Barclays on Monday shrugged off what had appeared to be a fresh incidence of ‘foot in mouth‘ over the weekend to launch formally its bid for Dutch bank ABN Amro.
The offer, at the revised terms laid out in July when Barclays raised the cash portion of its offer on the back of investment from China Development Bank and Temasek, is pitched at 2.13 Barclays shares and €13.15 in cash for each ABN Amro share, worth around €34.50 as trading got underway on Monday.
The timetable, which starts today, gives Barclays until October 4 to win over shareholders to its offer. Crucial will be the performance of its own shares in boosting the value of its bid to match that of the RBS-led consortium, worth around €38.10 a share.
No help there on Monday, with Barclays shares opening almost 1.5 per cent down at 669p ahead of a vital shareholder vote at Fortis on a €13bn rights issue – approval for which is seen as central to the consortium’s chances of success in its offer. In a falling market, RBS also lost about 1.5 per cent.
Relations between the various parties in the ABN soap opera were strained over the weekend when Rijkman Groenink, ABN’s chief executive, was reported to have recommended Fortis shareholders vote against the rights issue.
“Shareholders would do well to vote against the takeover. If it goes ahead the Fortis share price will fall further,” he was quoted as saying in Het Financieele Dagblad.

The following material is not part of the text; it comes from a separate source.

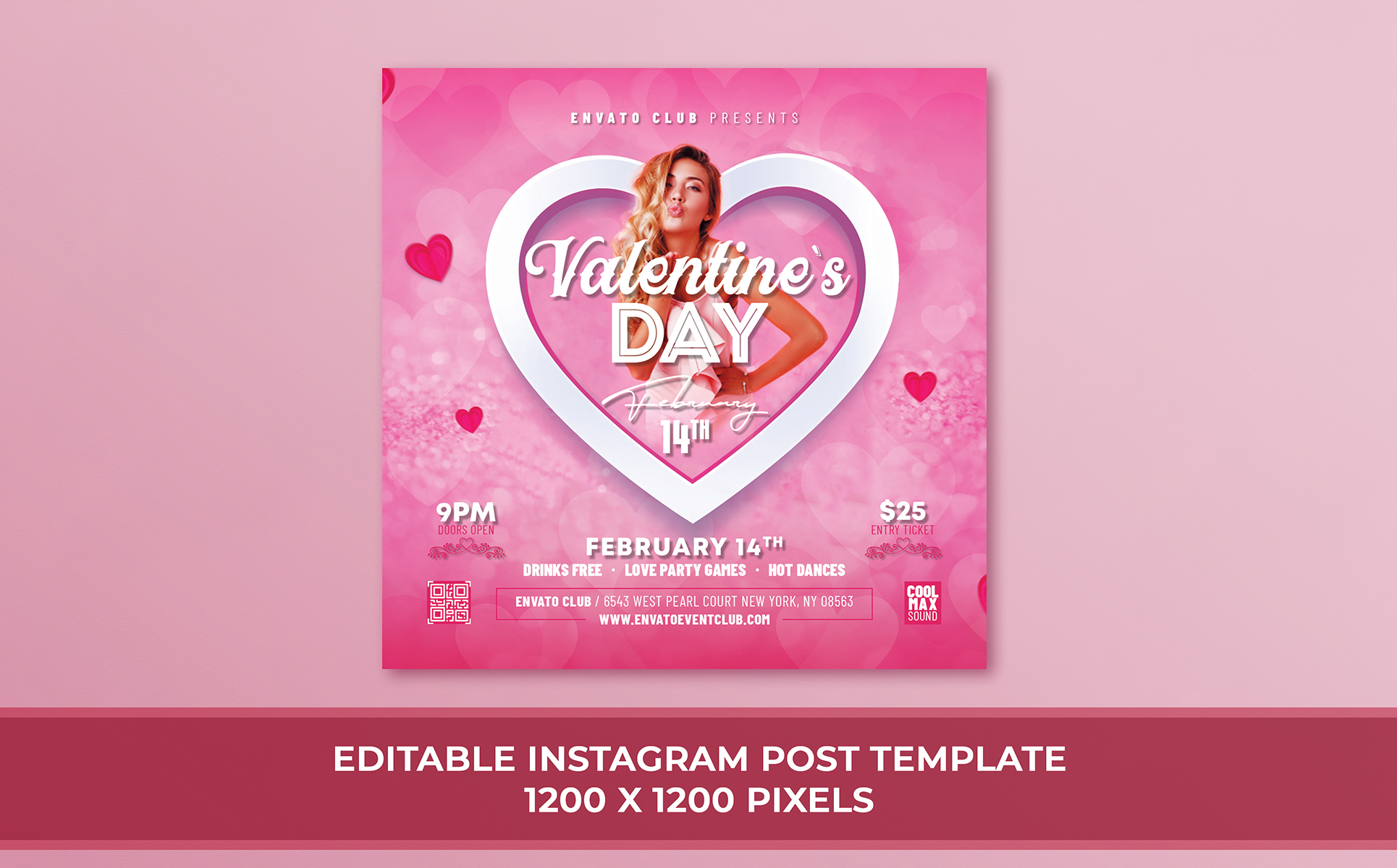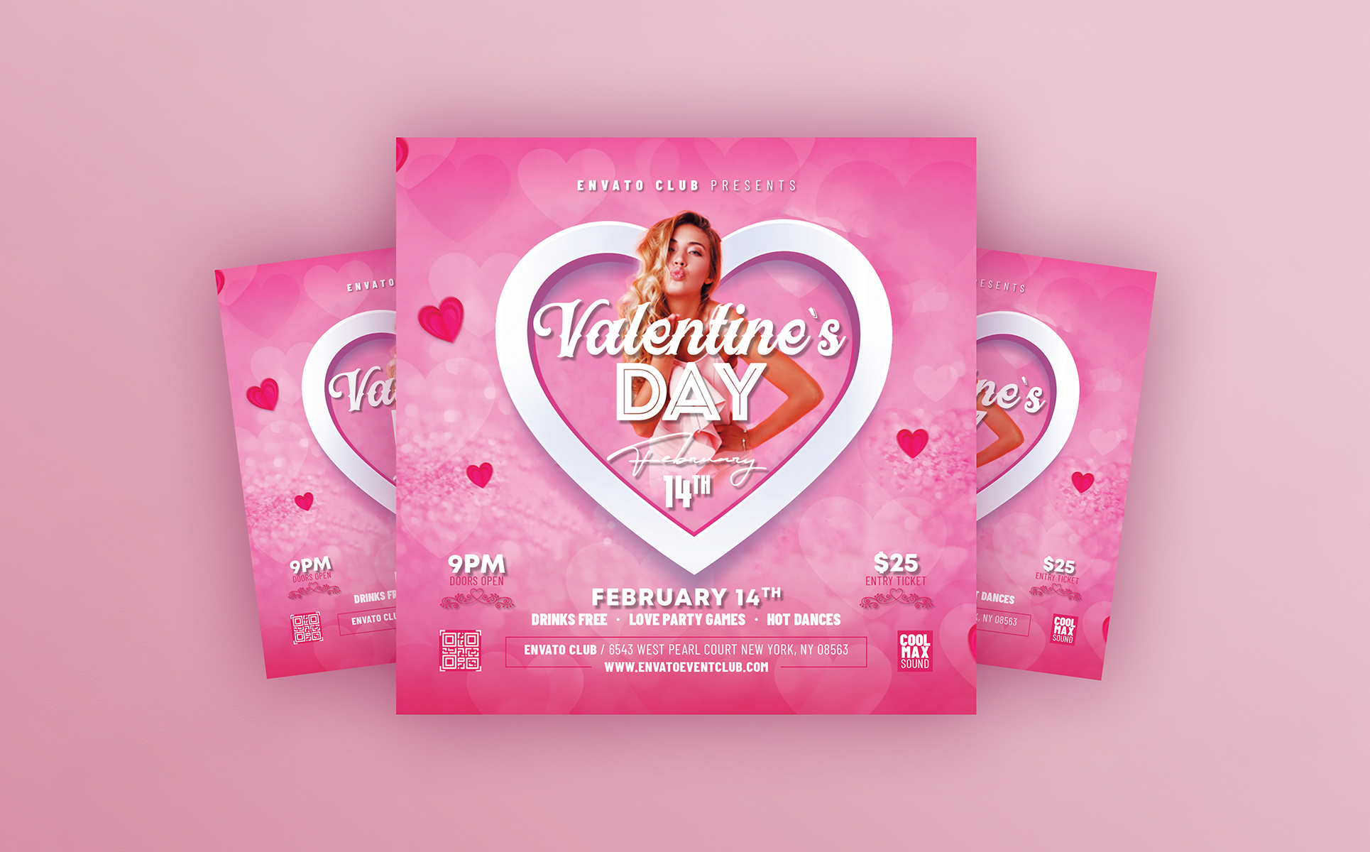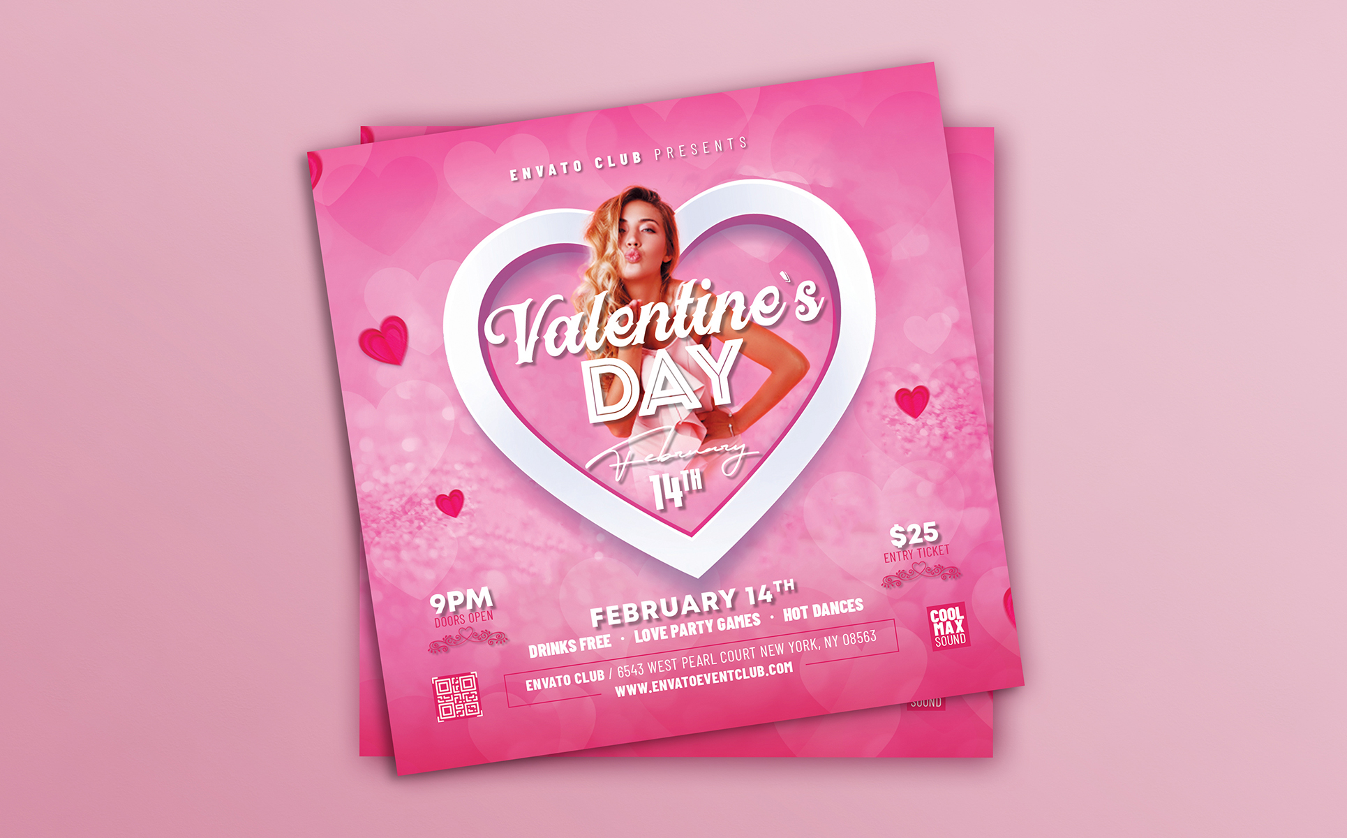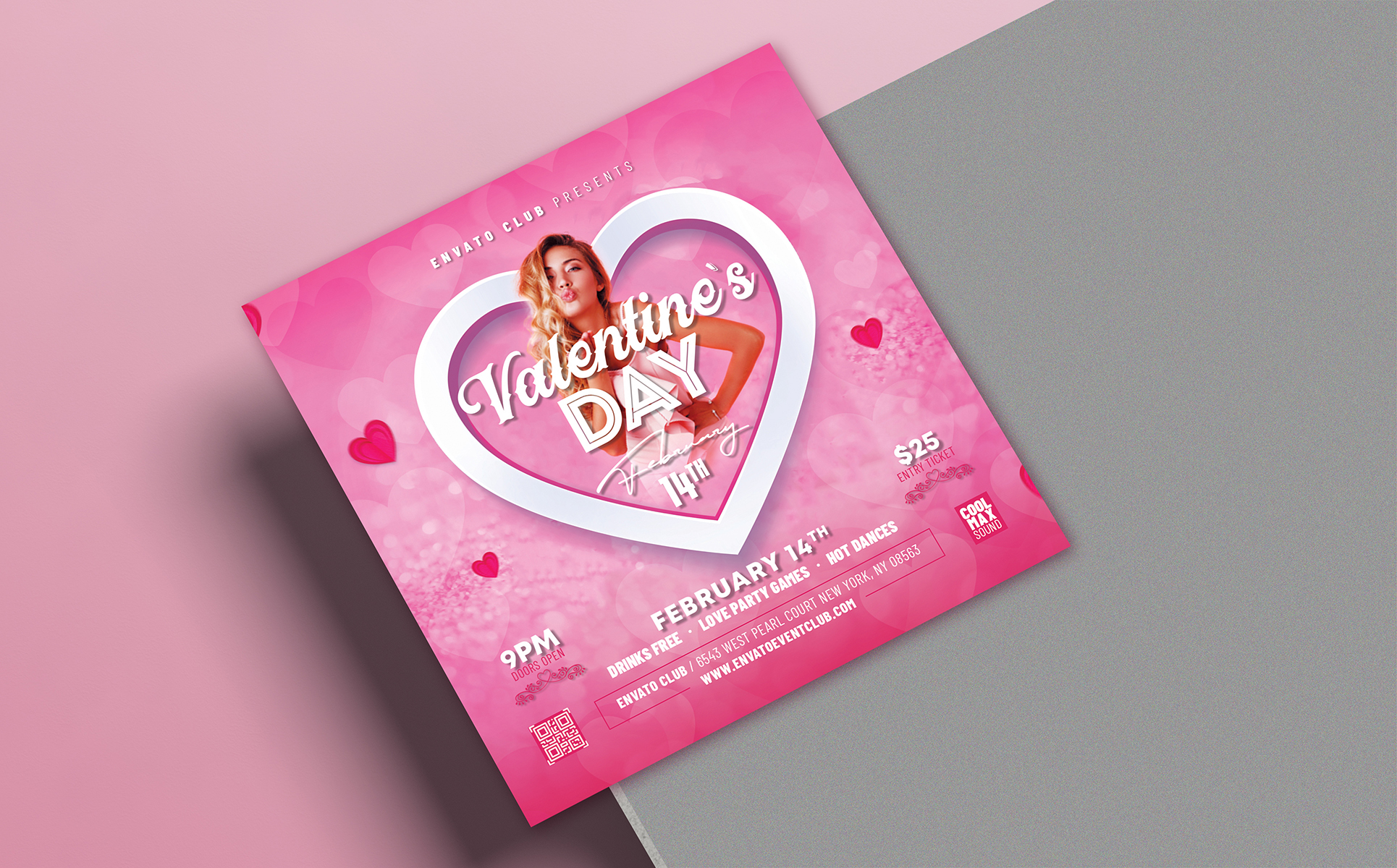 Valentine Party Flyer Template is very modern PSD flyer that will be the perfect invitation for your Valentines event or Club party! All elements are in individual layers and the text is fully editable!

Fortis called the remarks “totally inappropriate,” while Sir Fred Goodwin, chief exec of RBS, said he was “bemused.” Calm was restored on Sunday with a statement from the group saying that they had accepted the assurances of ABN that Mr Groenink had been misquoted and had not been offering advice to Fortis shareholders on their voting.
The Dutch paper at the centre of the suspected ‘foot in mouth’ outbreak on Monday was peddling a different line. Fortis, Het Financieele Dagblad reported (via Reuters), has other options for financing its part of the ABN takeover if its shareholders don’t back the planned share issue.